Recently I have successfully set up HAProxy as a reverse proxy service on a network based on this tutorial:
https://forum.opnsense.org/index.php?topic=23339.msg110962#msg110962

After a little testing it turned out the Synology NAS running on the network as a server thinks that every incoming connection through the proxy is coming from the proxy itself. The DSM UI has a Connections widget that allows the admin to keep an eye on the currently active connections and their corresponding client IPs. By default this shows that every connection is coming from the proxy, however by adding the HAProxy's IP address to the "Trusted Proxies" in the Control Panel > Security window in DSM these connections will be displaying the actual client IP addresses.

This on its own is fantastic, but apparently does not serve as a solution to the core of the problem. In order to establish a connection between the client and the Synology, the proxy must be allowed in the Synology's firewall. As it appears even though the client IP is passed on properly, the connection itself is made through the proxy's IP address. Even if the original client's IP is specifically blocked inside Synology, through the the proxy it is allowed to connect to every service the proxy is allowed to. As soon as the proxy is denied, nothing else is able to connect via the proxy.
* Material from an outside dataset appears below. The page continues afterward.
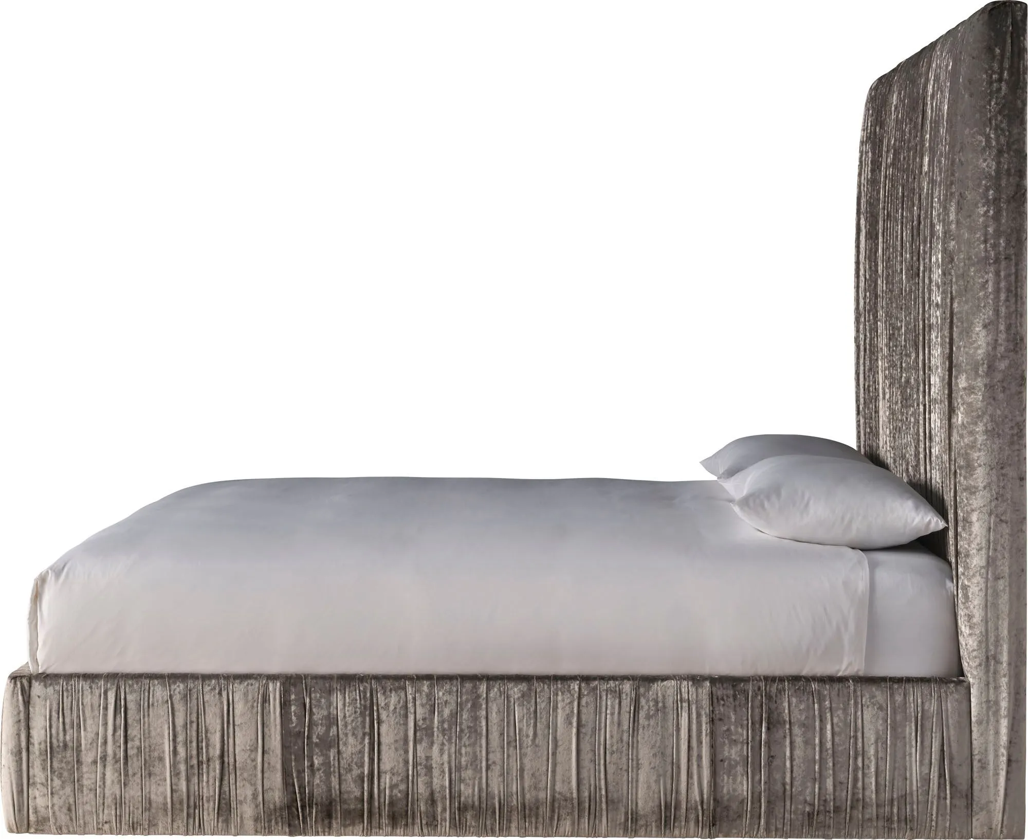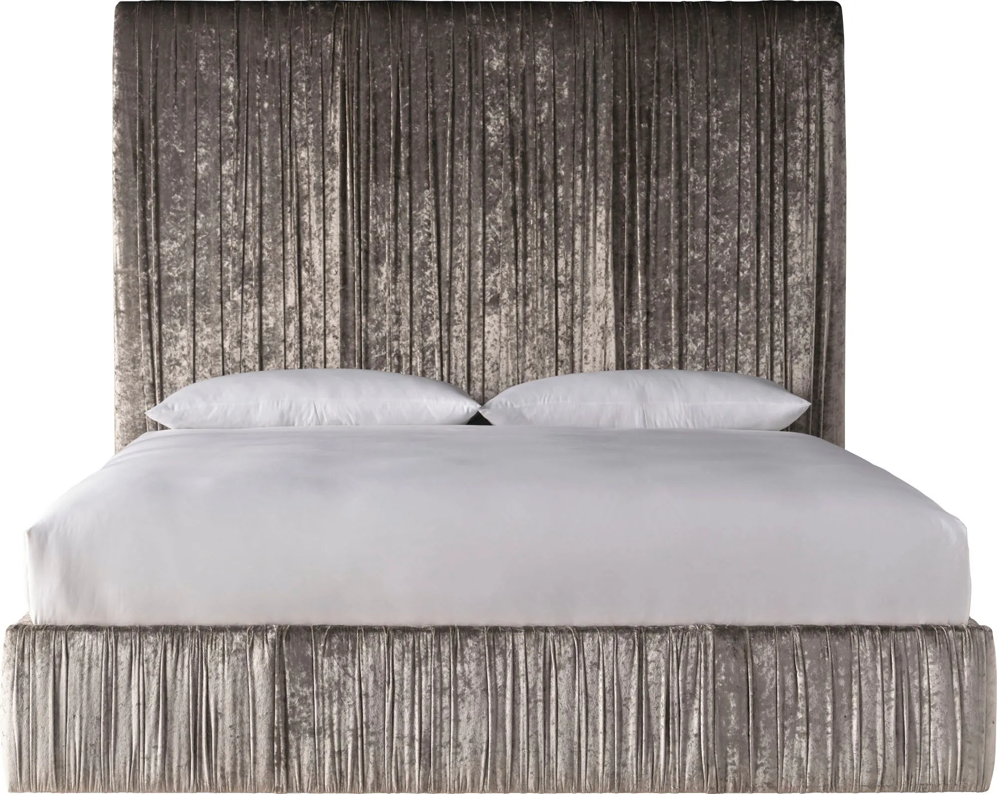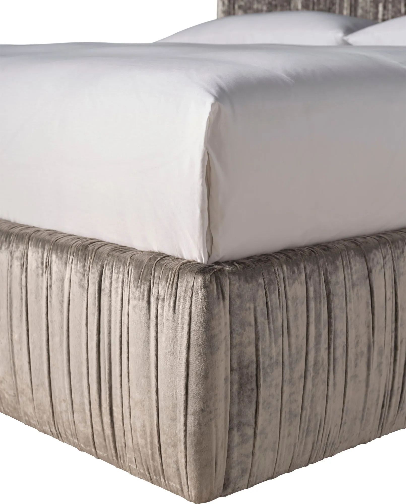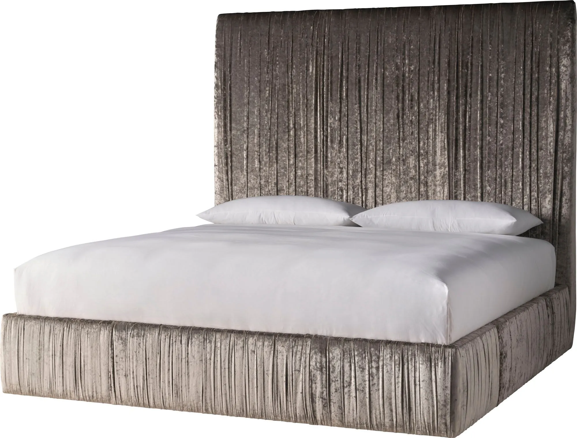 The gathered and pleated fabric of the Fosser Bed is inspired by the linear fissures left by volcanic formations on the earth’s surface to create a modern eye-catching effect.

This makes sense to me from what I understand about the basic principles of using a proxy, however I'm hoping people have found a solution to this. Please let me know if there is hope here as it's important for my use case to be using the Synology's Firewall to restrict connections.

Thank you




bartjsmit:
A solution for web traffic is X-Forwarded-For https://en.wikipedia.org/wiki/X-Forwarded-For

HA Proxy supports it: https://www.haproxy.com/documentation/hapee/latest/load-balancing/client-ip-preservation/add-x-forward-for-header/

No such luck with Synology apparently: https://community.synology.com/enu/forum/68/post/150860 but an interesting angle on using cloudflared tunnels: https://github.com/cloudflare/cloudflared/

Any mileage in a VPN to restrict access to your NAS?

Bart...

guest36292:
Thank you for looking into this.

HAProxy does have the X-Forwarded-For header turned on as "option forwardfor" in my setup and if the NAS has the appropriate settings configured for the trusted proxies, the correct client IPs will appear in the logs of the Synology, but the firewall ignores that. As it seems this is due to the firewall not minding what is coming in but where it is coming from. It is by design as far as my freshly gained understanding of the principles networking is correct.

I do have Wireguard running on OPNSense which is my current solution to allow external access, but it's very clunky to set up and I don't find it the perfect solution for my use case. I did test the Cloudflare tunnel before on the Synology Docker but didn't like the fact that all my traffic to the host would go through the tunnel. Though, I might end up resorting to it to enable external access for 3rd parties. Could work in collaboration with Wireguard.

RamSense:
Have you tried to use Nginx reverse proxy instead of HAProxy to see if it makes a difference?